A delicous goulash recipe best served with some nice buttered egg noodles
Melt the margarine or butter in Dutch oven over medium to high heat.
Add the onion and cook until the onions are tender. Add the garlic and cook one minute longer.
Add the meat cubes and cook until browned.
In a small bowl, stir together the ketchup, Worcestershire, sugar, salt, paprika, mustard, cayenne and 1 1/2 cups water.
Pour over the meat, bring to a boil, then turn down to low and simmer 2 hours.
When the 2 hours is almost up, prepare the potatoes and carrots and cauliflower.
Peel the potatoes, cut into large chunks, and rinse.
Peel the carrots and slice.
Wash the cauliflower and cut into florets.

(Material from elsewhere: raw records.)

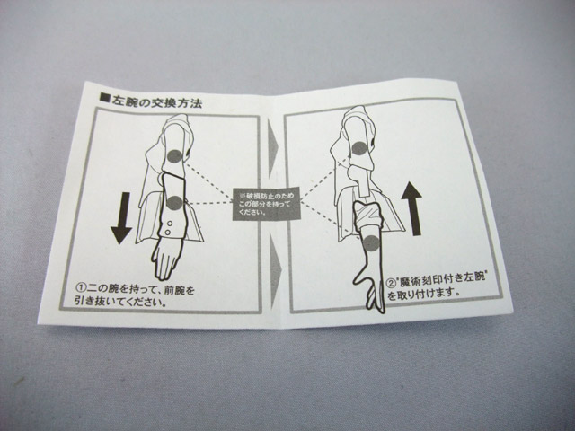 右の画像は付属パーツ一覧。ほか「魔術刻印が浮き出た左腕」の取り付け説明書も付属しています。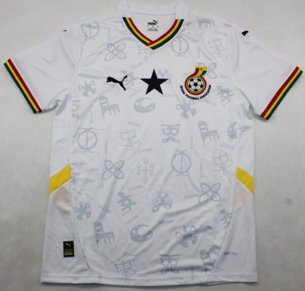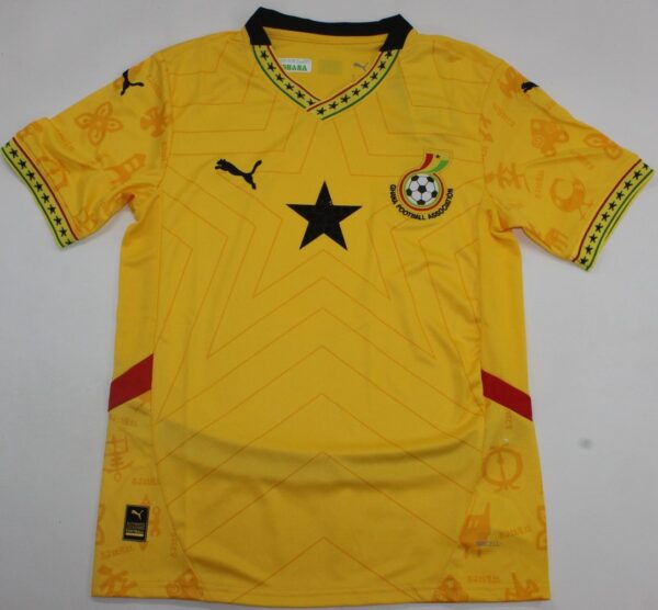 Here is Ghana‘s new soccer jersey for the next 2025 season. The colors are white for the home jersey and yellow and black for the away jersey.
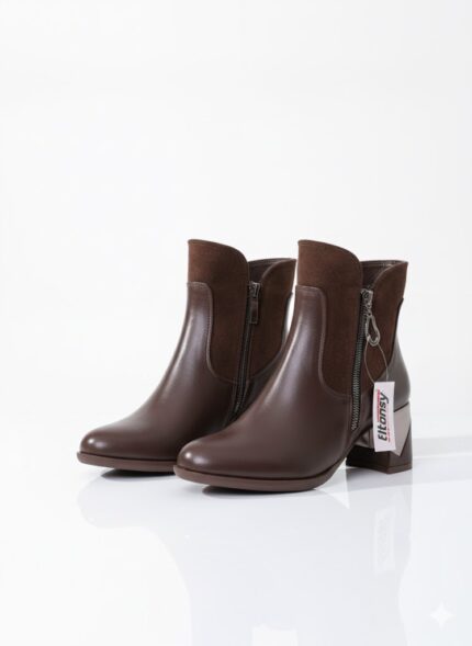 خامات متناغمة (Mix & Match): يتميز البوت بتصميم فريد يمزج بذكاء بين خامة الجلد المصقول أو الصناعي الفاخر في المقدمة وخامة الشمواه الناعمة على الأجزاء العلوية، مما يمنحه ملمساً بصرياً غنياً.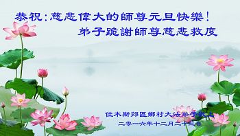 感恩师尊对弟子们的慈悲苦度,弟子深刻的感悟到没有师尊的无量慈悲就没有今天弟子们和众生的一切。感恩师尊! 河北邢台一农村大法弟子恭祝师尊元旦快乐!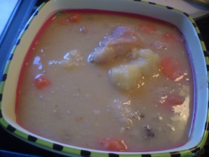 After about 3 minutes we can start adding some of the other ingredients like… black pepper, thyme, coconut milk, green seasoning and the hot pepper. Wash the split peas and also add this to the pot. The split peas and pig tails will take a long time to cook and get tender. Almost forgot… add the 8 cups of water, bring to a boil, then lower the heat to a gentle simmer. This will now have to cook for about 1 hr.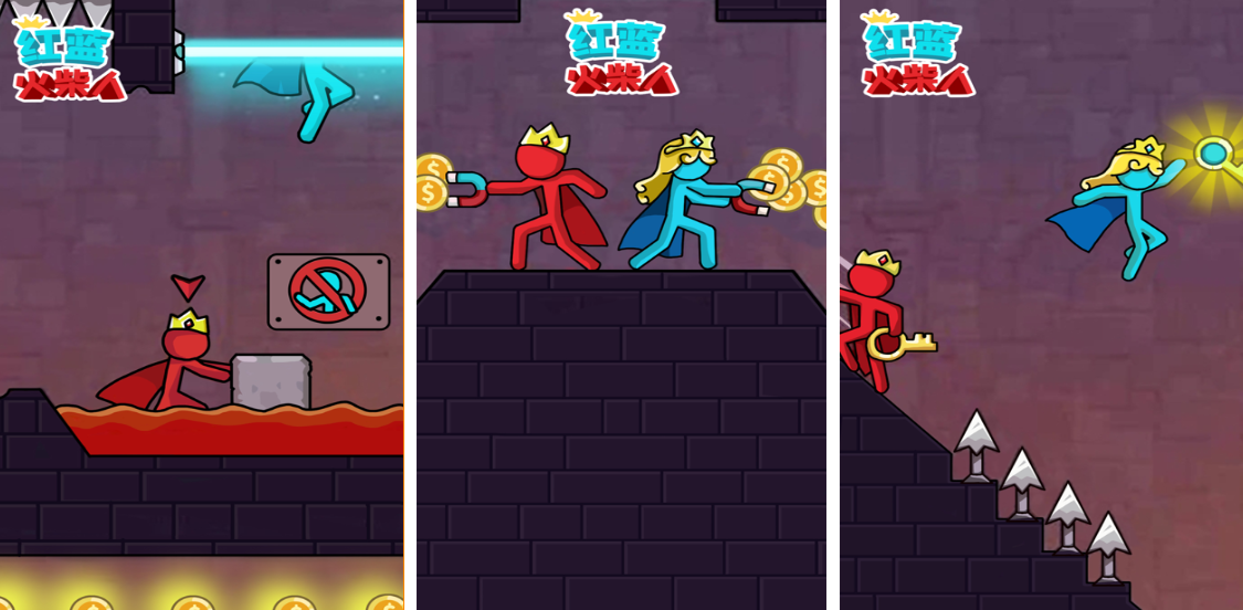 《红蓝火柴人》中需要两个玩家操控两个火柴人角色完成各类任务,操作方式简洁明了,易于上手,在每个关卡中,玩家主要通过操作按钮来控制火柴人的移动,推动箱子以阻挡陷阱或开辟道路,收集散布在关卡中的硬币,这些硬币可用于解锁新皮肤或购买道具,增加游戏的趣味性与可玩性,玩家需找到出口,带领两个火柴人成功逃离关卡。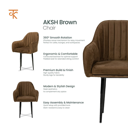 Aksh Velvet Swivel Accent Chair - Premium Lounge Chair for Living Room, Bedroom & Decor, 6 Months Warranty - Brown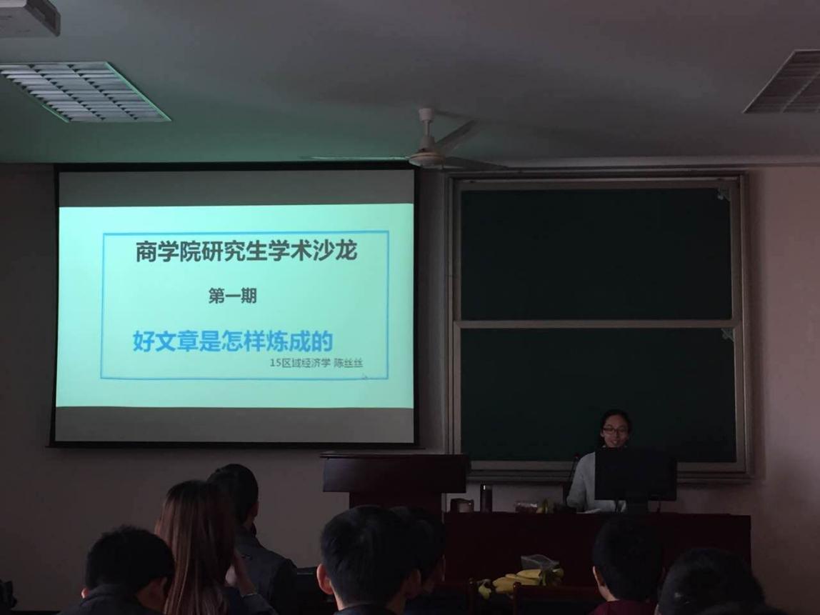 3月9日,黄色小说 2017年第一期“商硕争鸣”学术沙龙在11#418会议室顺利举行。15级区域经济学研究生陈丝丝做了主题为“好文章是怎样炼成的?”的学术交流会。16级部分研究生参与了本次学术沙龙。

At the 2 hour mark, add the potatoes, carrots and cauliflower to the goulash.
Bring to a boil, then turn down and let simmer for 30 minutes.
Once the vegetables are tender and cooked through, stir 2 tablespoons of flour into 1/4 cup water in a small bowl to make a paste.
Add a little of the hot liquid from the goulash to the flour and water mixture. Stir to combine then stir back into the goulash and heat to boiling,
stirring constantly for one minute. Shut off.
You can eat as is or you can serve over broad hot cooked buttered noodles.